The method for clearing the least significant bit can be optimized by
using word &= word - 1 instead.
Typically, the execution time of one __ffs() plus one __clear_bit() is
longer than that of a bitwise AND operation and a subtraction. To improve
performance, the loop for clearing the least significant bit has been
replaced with word &= word - 1, followed by a single __ffs() operation to
obtain the answer.

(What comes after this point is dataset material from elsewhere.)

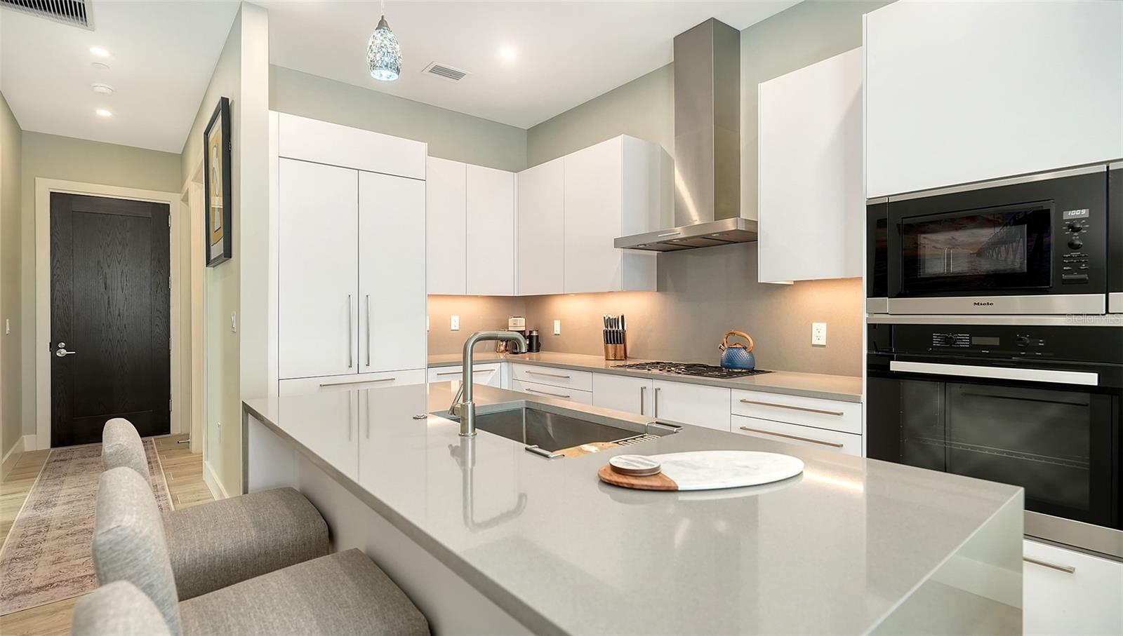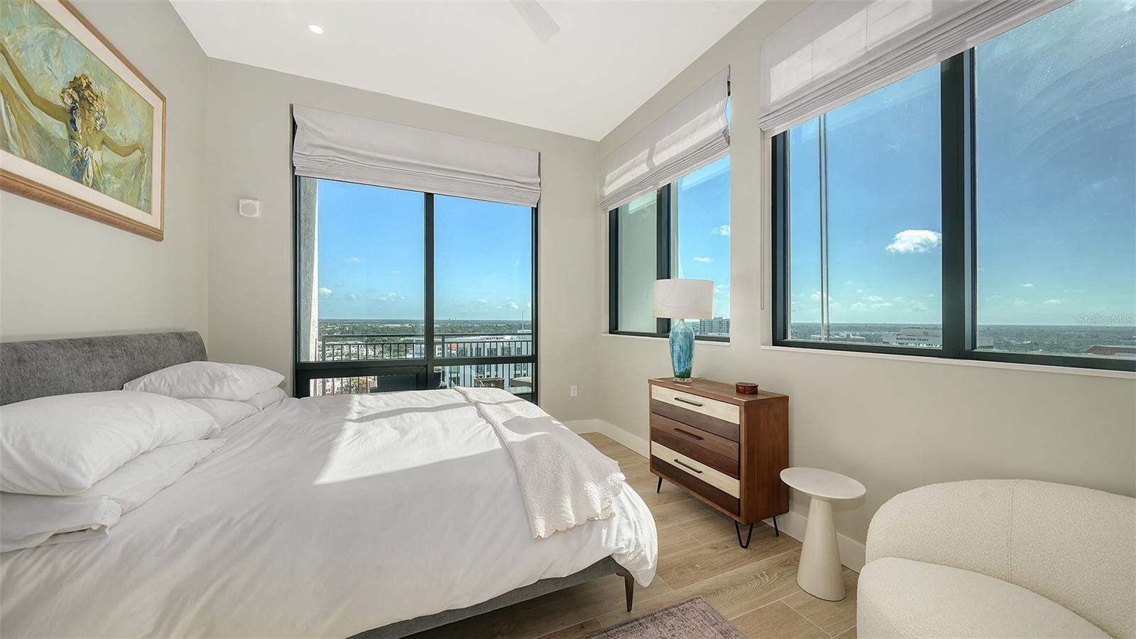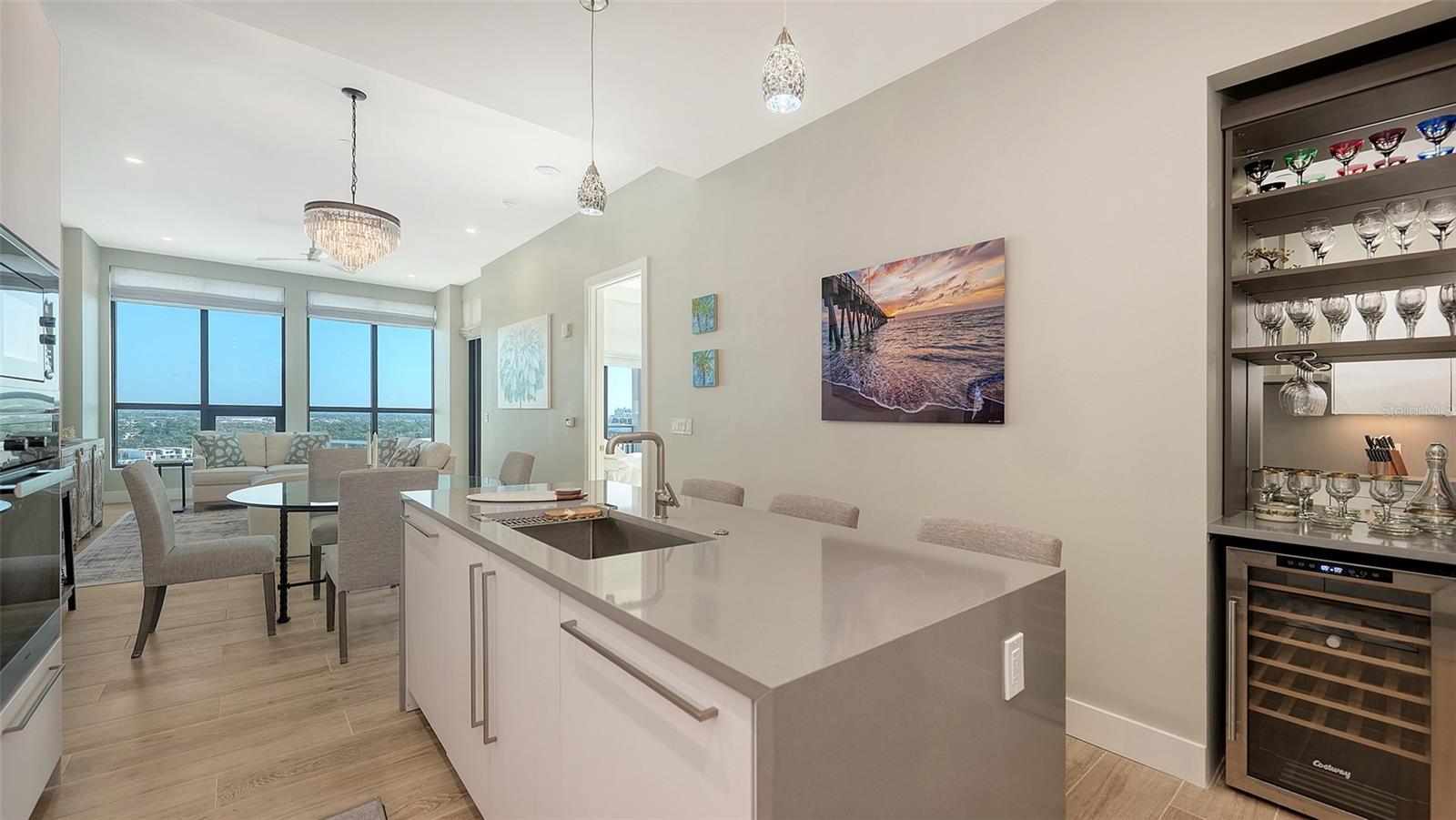 Bem-vindo ao DeMarcay, um condomínio boutique de 18 andares na prestigiada Palm Avenue, no coração do centro de Sarasota. Esta casa de 2 quartos e 2 banheiros com design impecável no 14º andar pode ser mobiliada e pronta para morar, oferecendo uma mistura perfeita de luxo, conforto e conveniência. Entre para ver tetos altos de 3,3 metros, piso de porcelana elegante e janelas amplas que enchem a casa com luz natural e vistas encantadoras da cidade e da baía. A cozinha do chef possui armários italianos personalizados, eletrodomésticos Miele, incluindo fogão a gás, elegantes bancadas de quartzo e uma grande ilha perfeita para cozinhar e se divertir. Os destaques adicionais incluem armários embutidos, tratamentos de janela elegantes, um bar seco com design personalizado e um espaço de armazenamento com temperatura controlada. Relaxe no seu terraço privado e desfrute da abundância de luz natural e das vistas deslumbrantes de Sarasota. As comodidades são encontradas na cobertura do 18º andar e incluem uma piscina de água salgada aquecida e área de varanda, uma cozinha ao ar livre e espaço de entretenimento casual, uma academia e uma sofisticada sala de clube com cozinha de bufê - tudo com vista desobstruída de 360 graus da baía e do horizonte do centro da cidade. A equipe no local está disponível 24 horas por dia, 7 dias por semana, prestando serviços residentes aos proprietários e seus convidados. Este é o melhor da vida no centro da cidade.
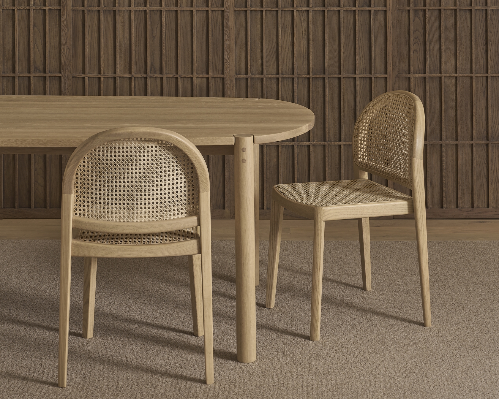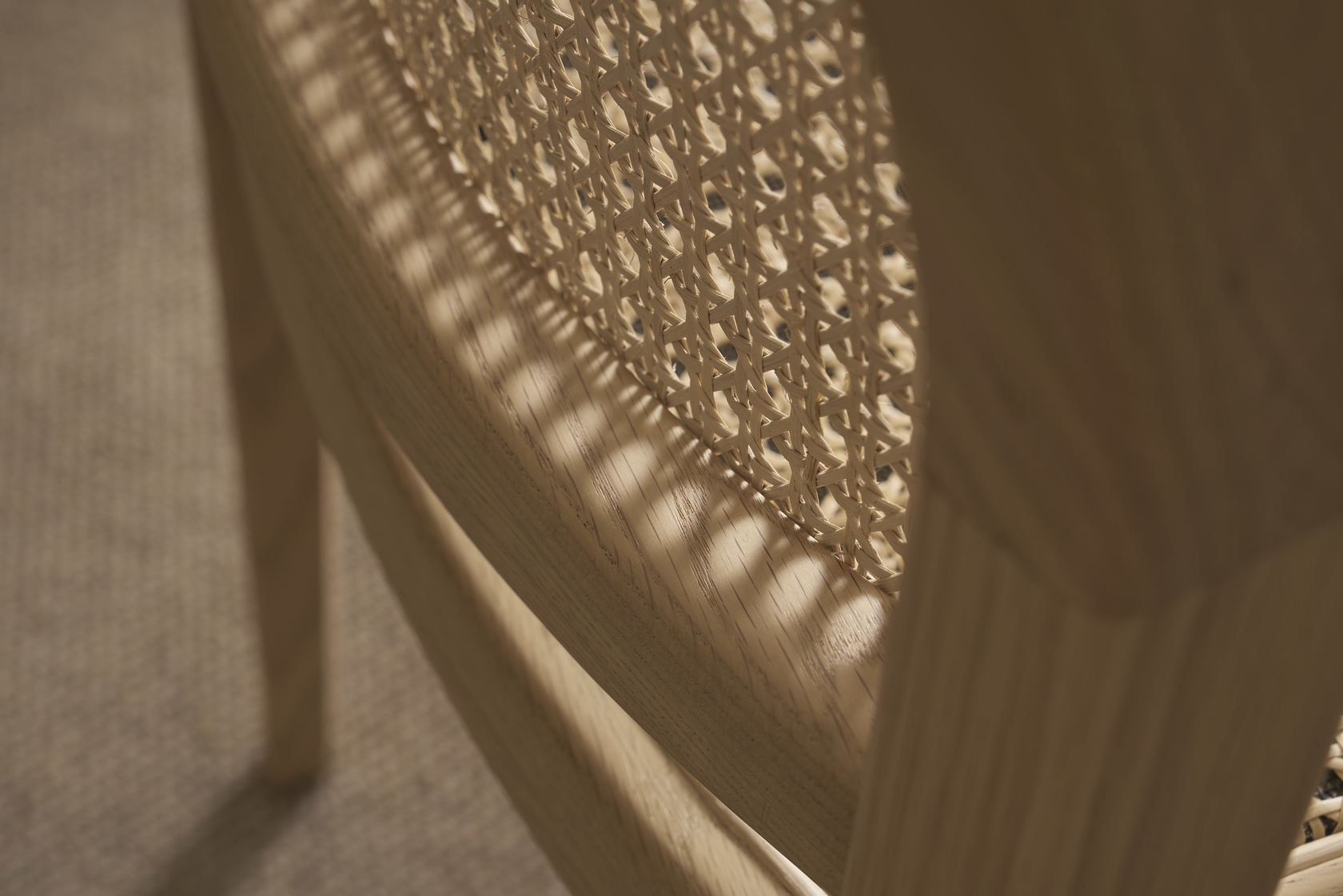 The Luk Chair is defined by its iconic arch silhouette referencing classic lightweight furniture typologies. The design is both complex and restrained in form, focusing on flowing surfaces which emphasise wood grain and the natural beauty of cane weave rattan. Light and shadow permeate through the weave, adding to the sense of weightlessness. Neatly stacking and developed with comfort first, Luk delivers with its holistic functionality and uncluttered looks.

This change reduces the number of __ffs() iterations
from n to just one, enhancing overall performance.
The following microbenchmark data, conducted on my x86-64 machine, shows
the execution time (in microseconds) required for 1000000 test data
generated by get_random_u64() and executed by fns() under different values
of n:
+-----+---------------+---------------+
| n | time_old | time_new |
+-----+---------------+---------------+
| 0 | 29194 | 25878 |
| 1 | 25510 | 25497 |
| 2 | 27836 | 25721 |
| 3 | 30140 | 25673 |
| 4 | 32569 | 25426 |
| 5 | 34792 | 25690 |
| 6 | 37117 | 25651 |
| 7 | 39742 | 25383 |
| 8 | 42360 | 25657 |
| 9 | 44672 | 25897 |
| 10 | 47237 | 25819 |
| 11 | 49884 | 26530 |
| 12 | 51864 | 26647 |
| 13 | 54265 | 28915 |
| 14 | 56440 | 28373 |
| 15 | 58839 | 28616 |
| 16 | 62383 | 29128 |
| 17 | 64257 | 30041 |
| 18 | 66805 | 29773 |
| 19 | 69368 | 33203 |
| 20 | 72942 | 33688 |
| 21 | 77006 | 34518 |
| 22 | 80926 | 34298 |
| 23 | 85723 | 35586 |
| 24 | 90324 | 36376 |
| 25 | 95992 | 37465 |
| 26 | 101101 | 37599 |
| 27 | 106520 | 37466 |
| 28 | 113287 | 38163 |
| 29 | 120552 | 38810 |
| 30 | 128040 | 39373 |
| 31 | 135624 | 40500 |
| 32 | 142580 | 40343 |
| 33 | 148915 | 40460 |
| 34 | 154005 | 41294 |
| 35 | 157996 | 41730 |
| 36 | 160806 | 41523 |
| 37 | 162975 | 42088 |
| 38 | 163426 | 41530 |
| 39 | 164872 | 41789 |
| 40 | 164477 | 42505 |
| 41 | 164758 | 41879 |
| 42 | 164182 | 41415 |
| 43 | 164842 | 42119 |
| 44 | 164881 | 42297 |
| 45 | 164870 | 42145 |
| 46 | 164673 | 42066 |
| 47 | 164616 | 42051 |
| 48 | 165055 | 41902 |
| 49 | 164847 | 41862 |
| 50 | 165171 | 41960 |
| 51 | 164851 | 42089 |
| 52 | 164763 | 41717 |
| 53 | 164635 | 42154 |
| 54 | 164757 | 41983 |
| 55 | 165095 | 41419 |
| 56 | 164641 | 42381 |
| 57 | 164601 | 41654 |
| 58 | 164864 | 41834 |
| 59 | 164594 | 41920 |
| 60 | 165207 | 42020 |
| 61 | 165056 | 41185 |
| 62 | 165160 | 41722 |
| 63 | 164923 | 41702 |
| 64 | 164777 | 41880 |
+-----+---------------+---------------+
Link: https://lkml.kernel.org/r/20240426035152.956702-1-visitorckw@gmail.com
Signed-off-by: Kuan-Wei Chiu <visitorckw@gmail.com>
Cc: Ching-Chun (Jim) Huang <jserv@ccns.ncku.edu.tw>
Cc: Yury Norov <yury.norov@gmail.com>
Signed-off-by: Andrew Morton <akpm@linux-foundation.org>
---
include/linux/bitops.h | 12 ++++--------
1 file changed, 4 insertions(+), 8 deletions(-)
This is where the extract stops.